- **PROVIDED DATA**

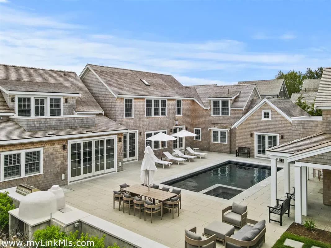 Stunning six bedroom house with attached two bay-garage, one bedroom guest house, and pool/spa in highly sought after Pilgrim Road/Cliff neighborhood. Meticulously designed layout to seamlessly blend the interiors and exteriors and take advantage of the oversized lot that abuts Land Bank with stunning pastoral views. The property features over 9,300 sf of living space spread over well balanced rooms, including the living room with 25' ceiling. Abundant amenities including custom outdoor pizza oven and kitchen, oversized steam room, six sets of washers and dryers, electric car chargers and detailed mill work throughout. Sold turnkey with exceptionally curated furnishings and interior designs. Artistically designed lush and private landscape with gorgeous uplit driveway approach. Very rare offering.
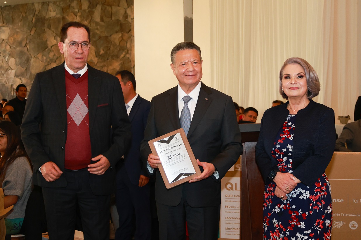 Pachuca de Soto, Hgo., 16 de diciembre de 2025. El gobernador Julio Menchaca Salazar acompañó a la presidenta del Tribunal Superior de Justicia del Estado de Hidalgo (TSJEH), Rebeca Stella Aladro Echeverría, a la entrega de reconocimientos por 25, 30 y 40 años de servicio a integrantes del Poder Judicial estatal, quienes con compromiso, esfuerzo y dedicación intervienen en la impartición de justicia en la entidad.
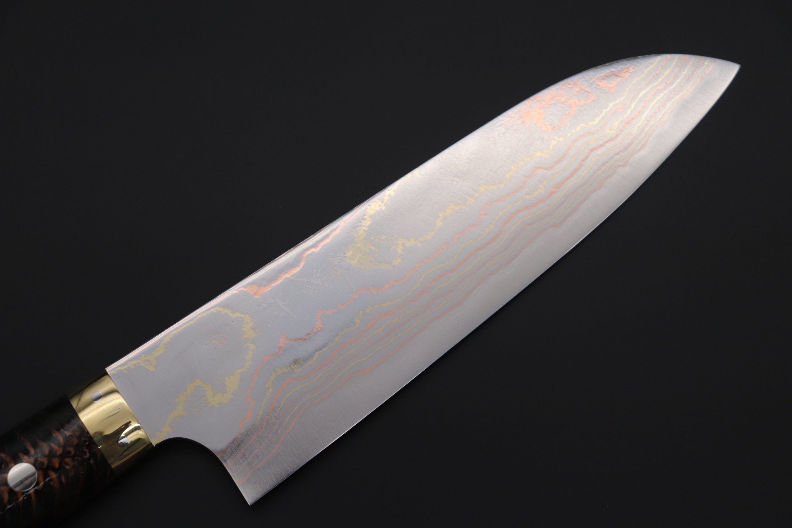 Blue #2 high-carbon steel that is clad with multiple layers of rust-resistant stainless steel, brass and copper.

- **EXERCISE INSTRUCTIONS**
Output each line exactly as shown above; no pictures go in the copy.

- **SOLVED EXERCISE**
 Stunning six bedroom house with attached two bay-garage, one bedroom guest house, and pool/spa in highly sought after Pilgrim Road/Cliff neighborhood. Meticulously designed layout to seamlessly blend the interiors and exteriors and take advantage of the oversized lot that abuts Land Bank with stunning pastoral views. The property features over 9,300 sf of living space spread over well balanced rooms, including the living room with 25' ceiling. Abundant amenities including custom outdoor pizza oven and kitchen, oversized steam room, six sets of washers and dryers, electric car chargers and detailed mill work throughout. Sold turnkey with exceptionally curated furnishings and interior designs. Artistically designed lush and private landscape with gorgeous uplit driveway approach. Very rare offering.
 Pachuca de Soto, Hgo., 16 de diciembre de 2025. El gobernador Julio Menchaca Salazar acompañó a la presidenta del Tribunal Superior de Justicia del Estado de Hidalgo (TSJEH), Rebeca Stella Aladro Echeverría, a la entrega de reconocimientos por 25, 30 y 40 años de servicio a integrantes del Poder Judicial estatal, quienes con compromiso, esfuerzo y dedicación intervienen en la impartición de justicia en la entidad.
 Blue #2 high-carbon steel that is clad with multiple layers of rust-resistant stainless steel, brass and copper.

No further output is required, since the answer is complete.